His nascent acting talent may have drawn the attention of others, but Morgan was still set on pursuing his dream of being a jet fighter pilot, and when he graduated from high school he joined the US Air Force. Disappointed at being limited to duties as a mechanic and radar technician, he bided his time until demob day and then headed for Hollywood to discover whether acting might be his thing after all.

Success was slow in coming, however. He took acting classes from which, by his own admission, he gained little, before moving to New York in the early Sixties.
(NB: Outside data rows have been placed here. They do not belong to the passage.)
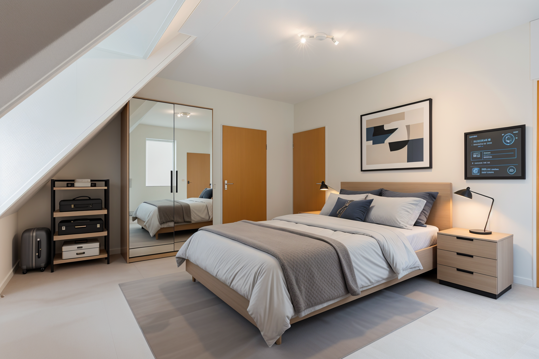 The open-plan kitchen is sleek and modern, featuring handleless high-gloss white cabinetry and a black granite worktop. The U-shaped design offers plenty of workspace and comes fully equipped with built-in appliances: a fridge-freezer, dishwasher, combi-oven, ceramic hob and extractor unit. A skylight in the ceiling provides additional daylight.
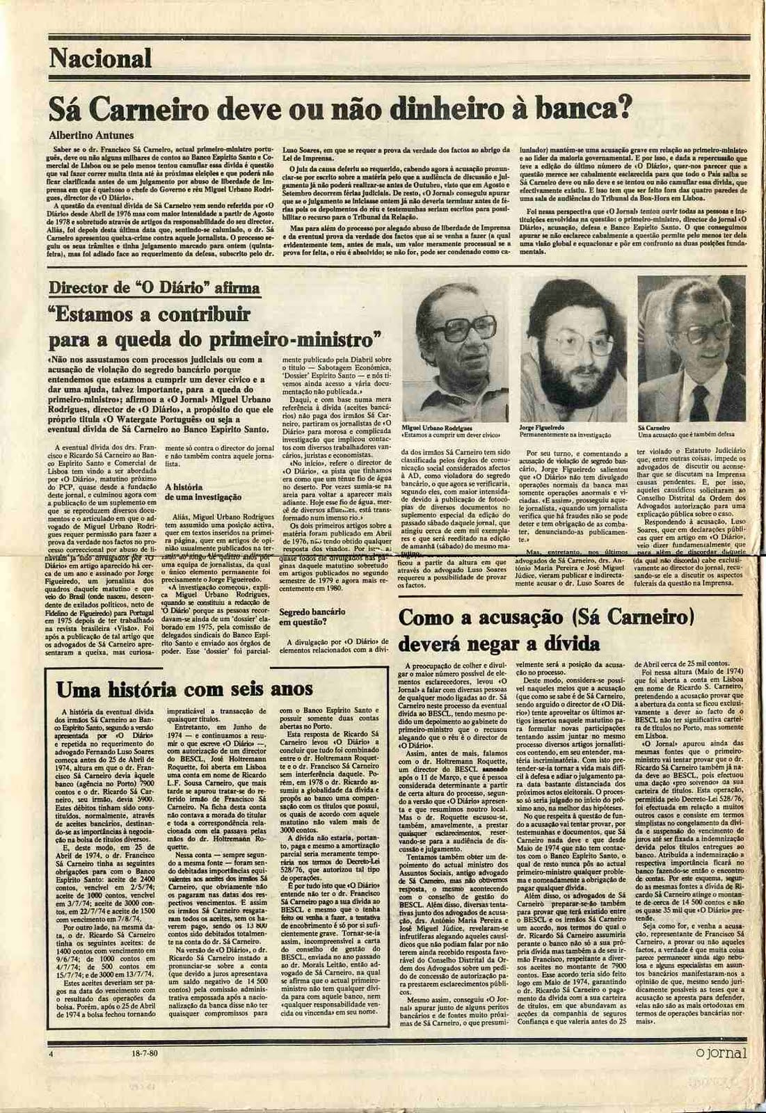 Havia muito a dizer, mas fico apenas por esta página de O Jornal sobre a “dívida de Sá Carneiro à banca”. Um exemplo de bom jornalismo como já não há
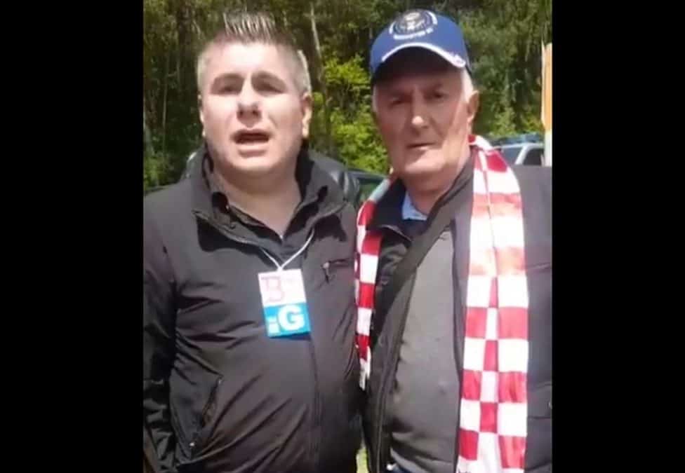 Today in #Bleiburg Velimir Bujanec spitted on my colleague @DanijelMajic. The crowd around him tried to beat the Journalist. When I asked him about his attack he said to me: “Are you gay. You look very gay to me.” pic.twitter.com/lx2816GvMc
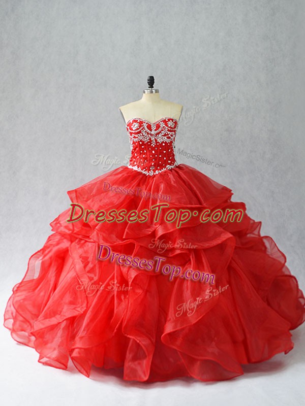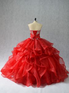 Custom Designed Sweetheart Sleeveless Quinceanera Dress Floor Length Beading and Ruffles Red Organza

There, he supported himself with a series of day jobs while auditioning for theatrical roles.

A part in Hello Dolly in 1968, led to the role of hip, good-humoured Easy Reader on the US children's TV show The Electric Company, in which he appeared from 1971 to 1976.

In 1980, Morgan landed a part opposite Robert Redford in Brubaker and seven years later won his first Oscar nomination for a supporting role as the volatile pimp Fast Black in Street Smart. Then came 1989's Driving Miss Daisy. Morgan's portrayal of the good natured chauffeur a character he had also played on stage brought him a Best Actor Oscar nomination and finally made him a star.

Stellar performances in hit movies such as Outbreak and Unforgiven followed and the actor picked up a third nomination for his portrayal of Red, a prison lifer in 1994's The Shawshank Redemption. His transition to lead was complete, and he went on to headline the 1997 thriller Kiss The Girls and its sequel Along Came A Spider in 2001.

Along the way, he hasn't been afraid to take supporting roles in superior movies and won praise for his work in the 1996 thriller Seven and Steven Spielberg's Amistad the following year. His treatment of Eddie "Scrap-Iron" Dupris, in Clint Eastwood's Million Dollar Baby, then garnered him the ultimate accolade, an Academy Award, in 2005.

And he was back in the Oscar spotlight five years later, when his captivating performance as Nelson Mandela in Invictus put him up for a best actor trophy.

Career success has allowed Morgan to indulge his favourite hobby sailing, and he has piloted his 38-foot yacht throughout the Caribbean and North Atlantic. He's usually accompanied on those trips by his second wife, costume designer Myrna Colley-Lee, and E'Dena Hines one of his ten grandchildren.

The fact that acclaim came late in life doesn't bother the actor. "Success comes when it comes," says Morgan. "I had a career for 30 years; a 30-year career is not bad. I often think I'm probably lucky that I wasn't a wild success early on, coming up through the 1970s. I could have very easily burned out."